Как отъехали мы от Котельнича, мама проснулась и пошла умываться, вернулась – чуть не плачет. Какая же, говорит, я дура, забыла дать бабушке с дедушкой телеграмму, что мы благополучно приехали в Москву и закомпостировали плацкарту до Ворошилова. Они там уже с ума сходят от волнения, а у бабушки снова начнутся приливы к голове. Я говорю: “А из поезда нельзя дать телеграмму?” Мама меня сначала обозвала балбесом, а потом задумалась и пошла проводника спрашивать. Проводник говорит: “Письмо можно из поезда отправить, сдать на остановке в почтовый вагон, а телеграмму пока что нет, еще наука такого не придумала. Вы, – говорит, – как в Киров прибудем, сбегайте и сами свою телеграмму отправьте. Прибываем на первую путь, стоим аж тридцать две минуты, потому что паровоз меняем. И в вокзал не ходите, они в телеграфной, пока не холодно, окошко открытое на перрон держат”. Мама очень обрадовалась и тут же на бумажке сочинила телеграмму. Когда приехали в Киров, так все и вышло: выскочили мы на перрон, побежали искать открытое окошко – а чего его искать, над ним даже надпись была: “Прием телеграмм”. Наверное, Москва так всем головы задуривает, что многие забывают про телеграммы, а в Кирове это знают и о них заботятся. Про это я сам догадался и маме сказал, а она чего-то испугалась. Ты, говорит, Владику не рассказывал, что столица нашей Родины Москва всем головы задуривает? Смотри не повторяй эту глупость. Я пообещал, и поехали мы дальше.
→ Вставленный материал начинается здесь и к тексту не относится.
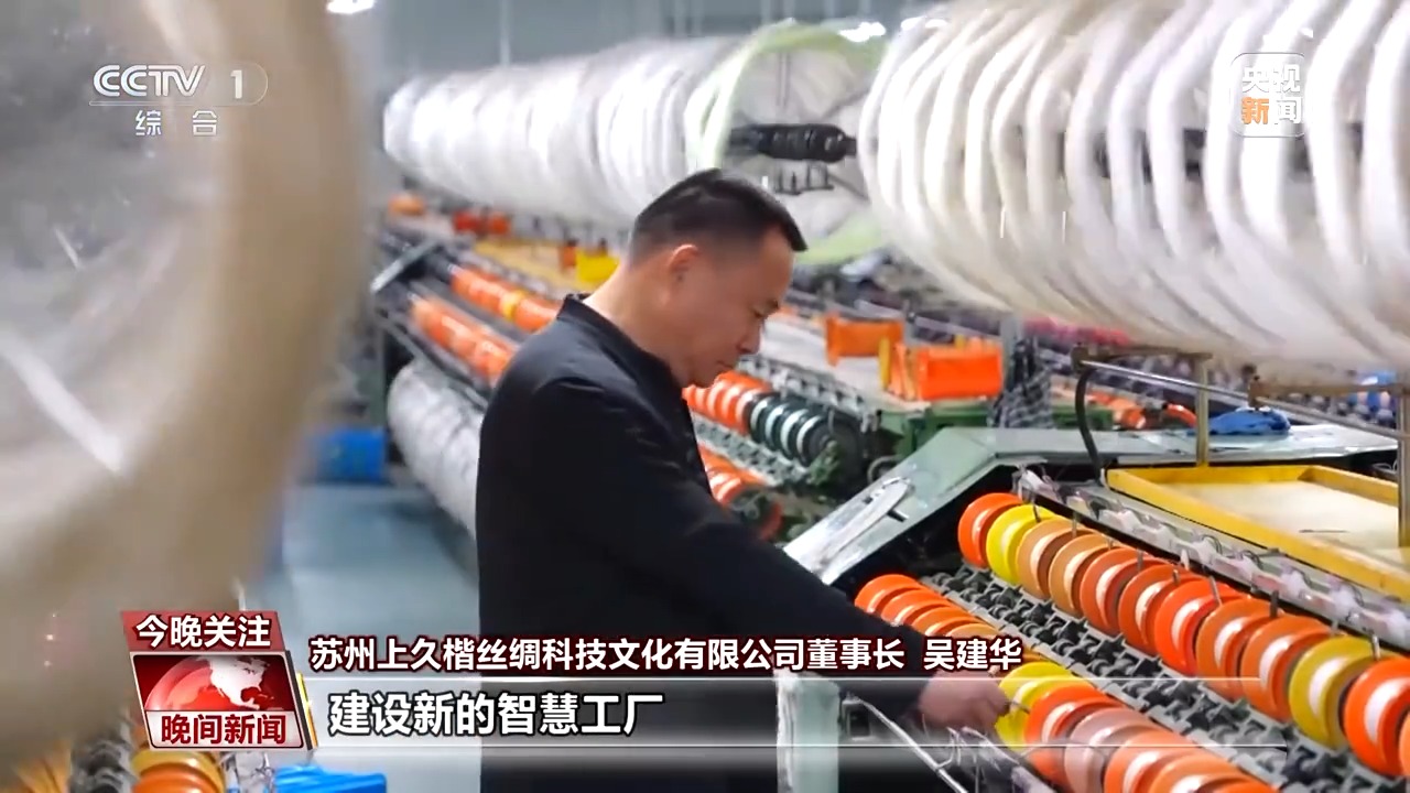 苏州上久楷丝绸科技文化有限公司董事长 吴建华:去年我们虽然赚了有好几千万,但是我们去年花的钱接近上亿,我们采购了很多新的设备,建设新的智慧工厂。

Всю дорогу, как отъехали от Кирова, Владикова мама рассказывала моей маме про замечательные фигуры, которые будут продаваться в Кунгуре. Она на Восток и обратно уже несколько раз ездила и все знала, что надо покупать на разных станциях. Я же тем временем учил Владика играть в “морской бой” – он о такой игре даже не слышал, а еще сын моряка. И вот совсем уже было темно, когда проводник прошел по вагону, объявляя: “Станция Кунгур, стоянка двадцать минут!” И как остановились, все быстренько соскочили и побежали к киоску с фигурами. Когда мы подошли, стояла уже внушительная очередь. Мама меня оставила стоять, а сама пошла разглядывать, что за знаменитые фигуры такие. Когда вернулась, я пошел смотреть. Самой главной гипсовой фигурой, которая продавалась в нескольких размерах и расцветках, была “Хозяйка Медной горы”, вся в узорах и самоцветах. Рядом с киоском стоял щит с объяснениями, кто это такая и как в сказах Бажова отразилась борьба уральского трудового люда против векового угнетения. Про Конька-горбунка там было такое наворочено, что даже я, не по годам начитанный мальчик, ни фига не понял.

Фигуры – особенно Хозяйка – выглядели очень красиво и стоили недорого, судя по обмену мнениями между стоявшими в очереди. Еще там были “Пионер с собакой”, “Девочка с котенком”, “Ворошилов с Буденным” и много другого, но мне больше всего понравился “Кот в сапогах”. Кроме сапог, на коте был широкий ремень со шпагой, а в лапе он держал шляпу с пером. Время шло, очередь двигалась медленно, и мама и люди вокруг нас стали волноваться, не опоздать бы на поезд – а то уйдет, и сиди тут в этом Кунгуре в обнимку с “Хозяйкой”. Тут к маме подошел мужик в пиджаке с одним пустым рукавом, засунутым в карман, и с орденскими планками.

– Вы, – говорит, – хозяйка, что брать-то надумали?

Мама отвечает:

– “Хозяйку” такую зелененькую за тридцать рублей.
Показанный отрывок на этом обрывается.